Я был воспитан в другой атмосфере.
Я, ведь, и в Советском Союзе жил внутренним эмигрантом. У меня были несоветские взгляды, иная жизненная позиция. Начиная с веры в Бога, к которой я был приучен с детства. Мне в школе нужно было вступать в комсомол, а там в уставе было записано, что я должен бороться с религией. Ну как я мог вступить?! Я и не вступал. Я пытался объяснять свою позицию, но на меня обрушивались с руганью. Лишили перед самыми выпускными экзаменами золотой медали... Так я и жил все советские годы - внутренним эмигрантом.
Но сегодня я не уподобляюсь тем людям, которые громче всех проклинают СССР, а в советское время были комсомольцами и коммунистами.
А.С.: Просто сейчас безопасно стало критиковать. Поборолись бы они тогда...
З.Ч.: Об этом и речь. Я не понимаю, к примеру, профессора Андрея Зубова. Тогда надо было бороться, а сейчас что толку воевать с советской властью, когда её нету. Правильно сказал Валентин Распутин: русский народ эту бациллу переварил, она уже потеряла свою разрушительную пассионарность...

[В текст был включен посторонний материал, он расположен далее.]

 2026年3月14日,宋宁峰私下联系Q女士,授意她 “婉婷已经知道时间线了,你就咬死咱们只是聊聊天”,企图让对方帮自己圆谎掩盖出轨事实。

Но вернусь к вопросу о тех русских эмигрантах, кто сотрудничал с фашистами. Хочу, пользуясь случаем, прояснить один вопрос, на котором спекулируют некоторые злопыхатели. Нашли в интернете фотографию Георгия Николаевича Бен-Чавчавадзе, который служил офицером вермахта, и пытаются в связи с этим облить грязью вашего покорного слугу. Действительно, был такой человек. Как он оказался офицером вермахта? История такова. Когда ему было семь лет, во время Гражданской войны где-то на юге погиб его отец - белый офицер Николай Чавчавадзе. Мать осталась вдовой с ребенком на руках, жила она тогда в Киеве. За ней ухаживал какой-то немецкий дипломат. Немец в итоге женился на вдове русского офицера, усыновил мальчика, но фамилию не отнял, чтобы не травмировать отрока. Потом они собрались уехать в Германию, но оказалось, что это непросто сделать, имея княжескую фамилию. И какой-то комиссар, еврей по национальности, по каким-то причинам благоволивший им, предложил во избежание неприятностей добавить мальчику прибавку Бен к фамилии Чавчавадзе. Мол, с фамилией в паспорте Бен-Чавчавадзе он без проблем уедет.

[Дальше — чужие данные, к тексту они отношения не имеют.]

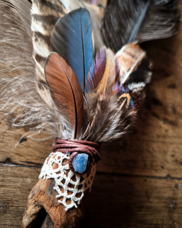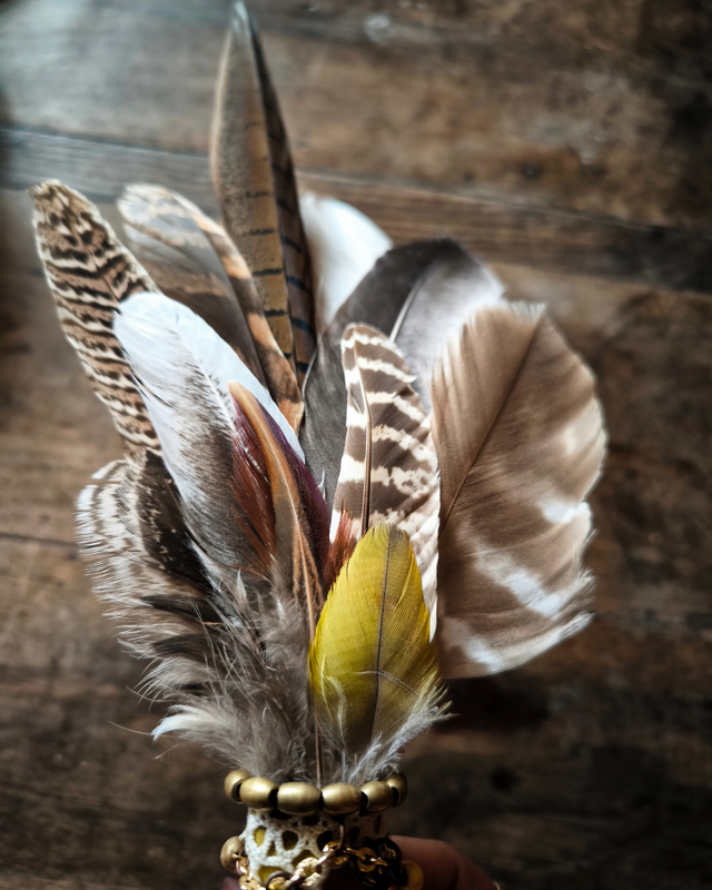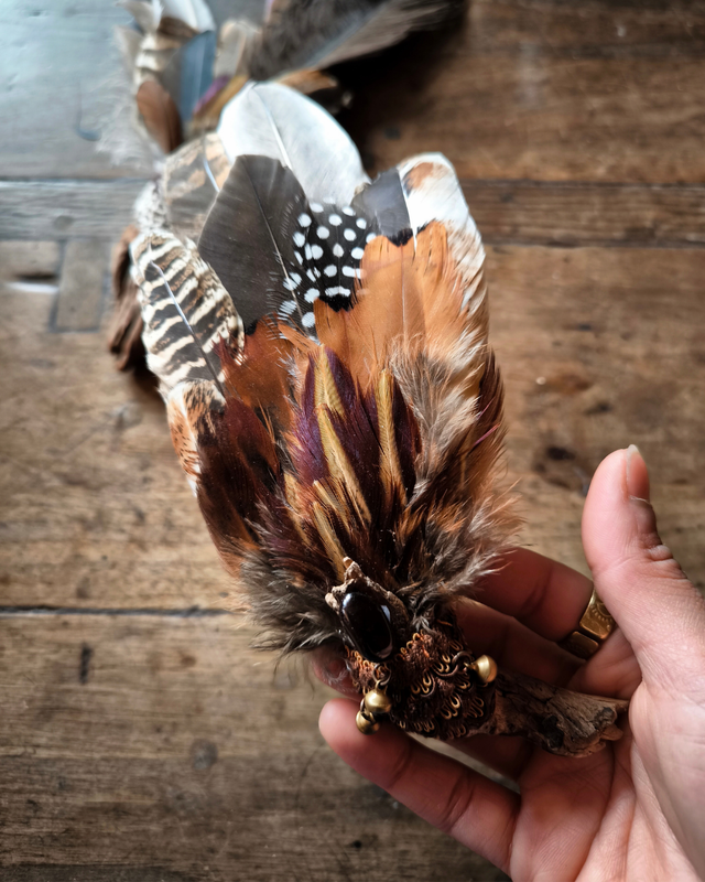 Éventail artisanal façonné à la main pour accompagner vos rituels de purification et de fumigation. Chaque pièce est unique et associe un ensemble de plumes naturelles (faisan, autruche, pintade, perruche, pigeon…) à une pierre semi-précieuse choisie pour son énergie (ici grenat, saphir ou pyrite).

А.С.: Фамилия стала похожана еврейскую...
З.Ч.: Да. Получился такой грузинский еврей Бен-Чавчавадзе. И вот этот мальчик уезжает с отчимом и матерью в Германию, где получает немецкое гражданство, но фамилию сохраняет Бен-Чавчавадзе. Кстати, я узнал о его существовании благодаря жене, которая познакомилась с ним, когда снимала фильм в Канаде, где он жил. Он ничего не знал о родственниках, поскольку они не вывезли никаких документов, своего отца практически не помнил. Моя жена ему рассказывала о роде Чавчавадзе... Словом, он стал немцем, а когда началась Вторая мировая война, его призвали в армию, и он служил офицером.
А.С.: Он служил в Вермахте или во Власовской армии?
З.Ч.: В Вермахте.
А.С.: Значит, распространяемые сведения, что Бен-Чавчавадзе служил у Власова - ложь?

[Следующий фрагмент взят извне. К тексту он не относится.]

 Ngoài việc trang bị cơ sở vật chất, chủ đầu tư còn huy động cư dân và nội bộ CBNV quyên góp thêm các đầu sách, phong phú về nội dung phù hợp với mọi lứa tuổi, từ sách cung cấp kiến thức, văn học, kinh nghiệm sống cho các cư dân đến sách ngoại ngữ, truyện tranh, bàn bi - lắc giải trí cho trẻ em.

З.Ч.: Как он мог быть власовцем, если он был кадровым немецким военным, гражданином Германии?! Но предположим даже, что он был власовцем или участником других коллаборационистских формирований, ко мне это какое имеет отношение? Я узнал о его существовании только потому, что моя жена снимала фильм, вот тогда и выяснилось, что он существует и что он - мой дальний родственник...
А.С.: Иными словами, «глубокомысленные» указания некоторых «аналитиков» на вашу связь с Бен-Чавчавадзе - это грубая инсинуация...
З.Ч.: Я еще раз повторяю: этот Бен-Чавчавадзе, действительно, был сознательным врагом СССР, но ко мне и моим ближайшим родственникам он не имеет ни малейшего отношения. Более того я узнал о самом его существовании много позже окончания войны.
Все мои ближайшие родственники всегда разделяли мнение, что Россия должна победить в Великой Отечественной войне. А когда она победила, у всех сложилось впечатление, что Сталин решил покончить с идеологией, что он не зря открыл храмы и монастыри, что он не зря отказался от поста Генерального секретаря компартии и стал Председателем Совета министров. Все эти факты с интересом анализировалось, выискивались какие-то дополнительные симптомы, свидетельствующие о том, что советская власть движется в сторону возвращения к Церкви, к исконным ценностям. А значит, нам надо возвращаться, чтобы привносить то, что мы увезли с собой, - тот дух традиции. Некоторые даже видели в этом какую-то миссию...
А.С.: Было желание поучаствовать в преображении России, в возвращении страны на исконный путь развития...
З.Ч.: Да, они возвращались, чтобы, как говорил мой отец, «бросить камешек в это застойное болото, чтобы пошли круги, и зашевелилось что-то». Они ехали привносить в общество, в котором выхолостили все национальное и традиционное, то, что они сохранили в своей жизни, - те традиции и обычаи, которыми жила Россия до революции. Вот такое было ощущение...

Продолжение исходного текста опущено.